Finney noted that the study addresses several important issues. "First," he said, " it conveys the fact that many individuals drop out of substance abuse treatment. Multiple treatment episodes may be needed for the recovery of some individuals. Second, it indicates that the likelihood of remaining in treatment varies for different individuals (for example, those with less severe versus more severe drug problems). In short, everyone does not enter treatment with an equal chance of remaining in treatment. Third, this article also points out that the characteristics associated with individuals staying in treatment longer differ, in many respects, for men and women."
Both Mertens and Finney believe the study’s findings clearly point toward a need for gender-specific research and programs, as well as a need to avoid generalizing findings from public populations to private or insured populations.

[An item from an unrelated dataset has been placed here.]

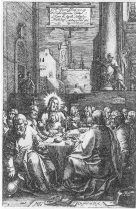
Figur 3: Hendrik Goltzius's stik fra 1598.

arbejder. I skifter fra såvel adel som borger finder man både bøger med kobberstik og enkelte stik, som må formodes at have hængt i ramme på væggene. To gange om året kunne man købe bøger og kobberstik i St. Knuds kirke, hvor der var opstillet boder enten inde i selve kirken eller, men det var ikke så fint, i våbenhuset. Det var dels lokale bogbindere og bogførere, dels udenbys som falbød billedbibles og andre gudfrygtige bøger (såvel som mindre tugtige, hvad kongen gjorde forsøg på at standse), mens kobberstik i enkeltstyk solgtes af papirhandlere. 5)

"This study raises the possibility that one, findings regarding predictors of treatment retention may have been diluted in previous studies that used a combined sample of men and women," said Finney. "Different patient factors predict retention for men and women. Accordingly, gender-specific treatment programs and/or gender-specific treatment retention interventions may be needed to enhance the likelihood that men and women will remain in treatment. Two, findings based on data from public program samples may not generalize to private, HMO populations."
Mertens sees both professional and practical applications to the study’s findings. "Clinicians may be able to identify patients who are at risk of dropping out of treatment," she said. "Providers might offer some psychiatric services or psychiatric referrals for women with psychiatric problems, or motivational enhancement therapy for men who need to increase their motivation levels. Furthermore, people who are entering treatment, as well as their families and friends, may benefit by becoming aware of those ‘risk factors’ associated with dropping out and plan accordingly."